- Hemmige Location in Karnataka, India Hemmige Hemmige (India)
- Coordinates: 12°21′47″N 76°04′48″E﻿ / ﻿12.363°N 76.08°E
- Country: India
- State: Karnataka
- District: Mysore

Languages
- • Official: Kannada
- Time zone: UTC+5:30 (IST)
- PIN: 571122
- Telephone code: 08227
- Vehicle registration: KA-09

= Hemmige =

Hemmige is a small village located near Mysore, India. The village was once home to a sizable population but now consists of less than 30 households. On the banks of the river Kaveri, this village is the site of one of the oldest temples of Varadaraja, a form of Vishnu.

== Legend ==

Centuries back, sages Ruchika Muni and Mrigashinga Muni did Tapasya (penance). The Ruchika Muni's ashrama was on the left bank of Cauvery and Mrigashinga Muni's ashram was on the right bank that is now Hemmige
(also called Gajaranya Kshetram also known as Siddha Ashrama Kshetram). Mrigashinga did severe penance to Goddess Bhramrambhika. Appeased with sage's penance, Bhramrambhika (Goddess)appeared before him and asked what he wanted. Sage Mrigashinga asked for Moksha (divine salvation), but the Devi told that her brother Sriman Narayana (Lord Vishnu) alone can give her Moksha. But she also indicated that Her brother Lord Varadharaja is residing in an anthill on the bank of Cauvery and he should do the Prathistapana (establish) and do Pooja (worship) him and then only through him he could attain Moksha. Thereafter, Sage Mrigashinga dug the Ant hill and found a beautiful Moorthy (stone Idol) of Lord Varadharaja with Shanku, Chakra and Gada and with Abhaya Hastha pose with his Consorts Sri Devi and Bhoo Devi seated on Garuda Peetam. Bhramrambhika also gave the sage a golden Vigraham of Hemambika with Shanku, Chakra, and Abhaya Hastha in left hand held Hemadri Hills, because of which the place was known as Hemambika Agrahara and in later days it became Hemmige.

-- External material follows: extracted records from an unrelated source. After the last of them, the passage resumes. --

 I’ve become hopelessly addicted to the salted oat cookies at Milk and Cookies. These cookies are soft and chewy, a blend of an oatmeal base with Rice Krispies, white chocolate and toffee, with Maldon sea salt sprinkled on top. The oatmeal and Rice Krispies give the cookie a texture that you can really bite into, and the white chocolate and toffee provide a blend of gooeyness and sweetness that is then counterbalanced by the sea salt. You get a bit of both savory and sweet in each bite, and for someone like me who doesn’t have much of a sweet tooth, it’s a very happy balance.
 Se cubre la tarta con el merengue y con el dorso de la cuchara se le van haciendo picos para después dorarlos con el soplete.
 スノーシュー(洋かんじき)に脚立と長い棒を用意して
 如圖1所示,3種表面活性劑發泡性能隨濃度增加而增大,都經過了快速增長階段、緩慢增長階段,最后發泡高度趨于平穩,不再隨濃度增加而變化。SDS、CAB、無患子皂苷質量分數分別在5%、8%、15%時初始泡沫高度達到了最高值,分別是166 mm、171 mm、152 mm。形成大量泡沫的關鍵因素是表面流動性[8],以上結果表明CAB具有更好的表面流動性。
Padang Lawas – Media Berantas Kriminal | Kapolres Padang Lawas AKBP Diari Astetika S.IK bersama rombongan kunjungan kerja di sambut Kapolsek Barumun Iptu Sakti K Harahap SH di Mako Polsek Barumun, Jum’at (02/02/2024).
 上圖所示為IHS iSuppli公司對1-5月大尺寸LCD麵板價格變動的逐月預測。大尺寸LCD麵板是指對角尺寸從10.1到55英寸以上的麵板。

There is another interesting story of how the Perun Devi Thayar came to Hemmige. There lived a lady named Modesinghamma, in whose dream Perundevi thayar appeared and told that she could be found in a small place in Mysore Devaraja Market. Then, Modesinghamma traveled to Mysore and met the Maharaja of Mysore and explained her dream. The Maharaja told her that if the moorthy was found then she could take it to Hemmige. Thus idol of Perun devi Thayar in Padma Peetam was found and taken to Hemmige.

== Srivaishanva saints ==

Hemmige is also connected with many of the Vishistadvaita saints starting with Ramanuja who stayed here for ten days on his way to Talakad. Vedantha Desika also stayed here for many days before he proceeded to Sathyagala.

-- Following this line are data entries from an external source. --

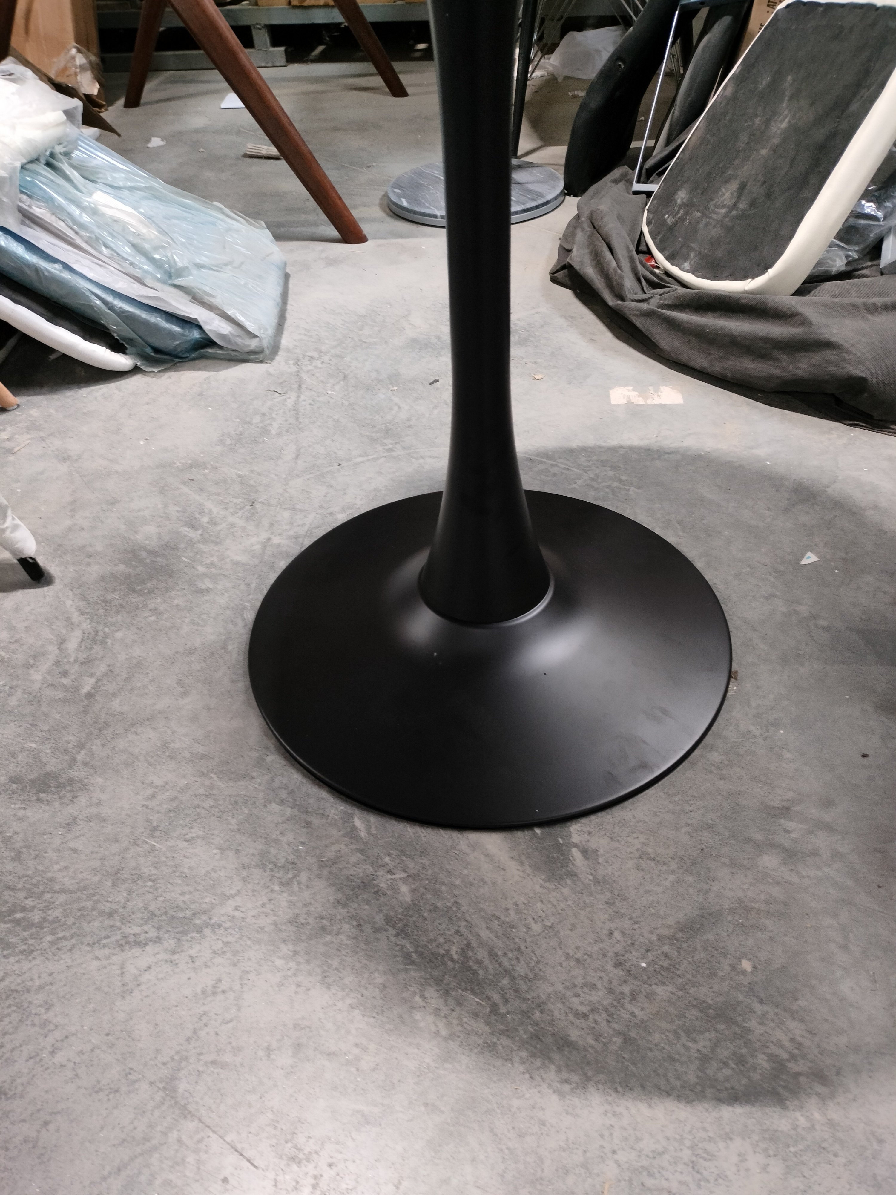 Описание товара без дефектов: Великолепный стол TULIP из коллекции Modern выполнен в стиле известной работы американского архитектора Ээро Сааринена - стула Tulip, который он спроектировал в середине двадцатого века. Стол подкупает своей универсальностью и визуальной легкостью, благодаря которым варианты его расположения в интерьере безграничны. Он хорошо впишется в обстановку гостиной, кухни или столовой, будет смотреться стильно и гармонично в кафе или ресторане. Круглая форма стола располагает к комфортному и непринужденному общению. Металлическое основание и столешница из мдф черного цвета – отличное решение для современного стильного пространства. Благодаря удобным размерам и простоте конструкции стол можно легко переместить при необходимости. МДФ и металл – прочные и долговечные материалы, не требующие специального ухода, способные выдерживать большую нагрузку. Стол хорошо сочетается со стульями TULIP из коллекции Modern. Стол отлично подойдёт для гостиной, кухни, дачи, ресторана или кафе. Стол очень прост в сборке, инструкция по сборке прилагается.
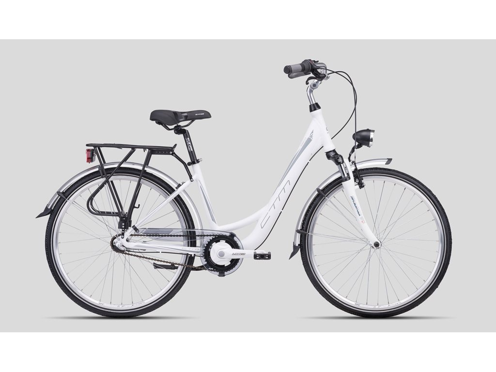 Mestský bicykel CTM Terra 2.0 je postavený na Alu ráme v dámskom dizajne s nízkym stúpaním na 28" kolesách. Pre väčšie pohodlie sa na bicykli používa vidlica Suntour CR-8V 700C. Bicykel má 3 prevody umiestnené v zadnom náboji Shimano Nexus 3, ktorý t
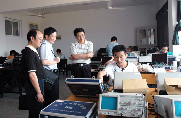 6月7日下午,省教育厅组织专家组对永利官网省级高校基础课实验教学示范中心建设项目——安庆师范学院物理实验教学示范中心进行项目验收。安徽师范大学黄时中教授,合肥师范学院曹卓良教授,永利官网物理与电气工程学院王其申教授、教务处程曦教授、国有资产管理处邵经武处长等专家组成员认真听取了示范中心工作汇报并进行了实地考察。
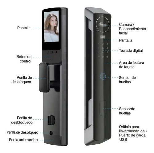 Cerradura Inteligente Wifi Camara Huella Biometrica Smart Negro
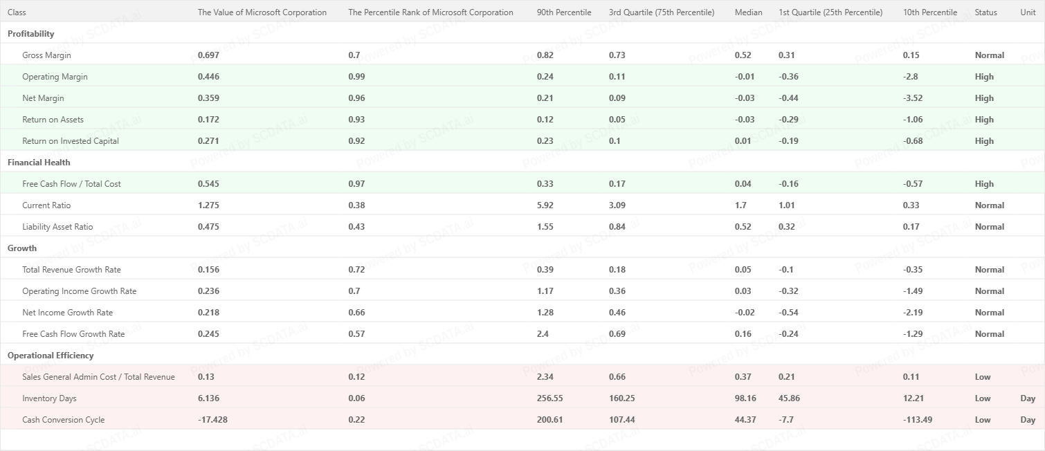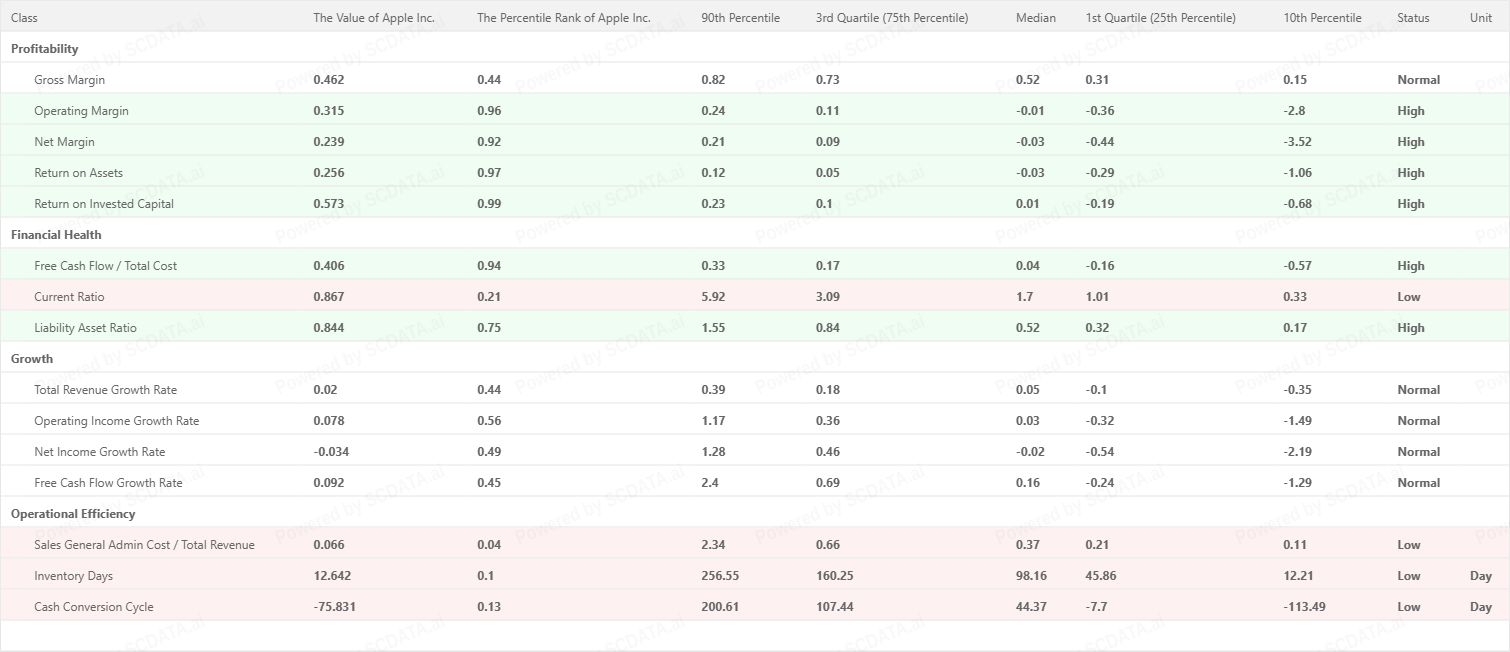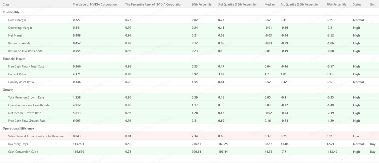 NVIDIA and Microsoft rank in the 98th–99th percentiles for operating, net and asset returns, whereas Apple’s profitability metrics cluster around the 95th–97th percentiles. This confirms NVIDIA’s and Microsoft’s superior margin conversion and capital efficiency.

Andavan Ashram (Mutt) has a connection with Hemmige from the days of Periya Andavan, Chinna Andavan, KaTAndethi Andavan (Srinivasa Ramanuja Maha Desikan), Nam Andavan, Thembarai Andavan, Akkur Andavan, ThiruKudanthai Andavan who all visited Hemmige for some time and did the Mangala Sasnam of Varadharajar at Sri Varadharaja Swamy Temple.

== Hemmige Iyengar ==
Hemmige Iyengar is one sub sect among the several subdivisions or subcastes of the Shrivaishnavas; the other subcastes, in alphabetical order, are, Bhattacharya, Embar, Hebbar, Hemmigeyar, Kadambiyar, Kandade, Kilnatar, Mandyattar, Maradurar, Metukunteyar, Morasanad, Muncholi, Nallanchakravarti, Prativadibhayankarattar, Someshandal and Thirumaleyar. The Hemmige iyengars are all Vadakalai and Vaidikas who migrated from Kanchipuram in Tamil Nadu and settled at Hemmige near Talakadu in Mysore District. Lands were granted by the Kings of Mysore to their ancestor several hundreds of years ago, recognizing their scholarship.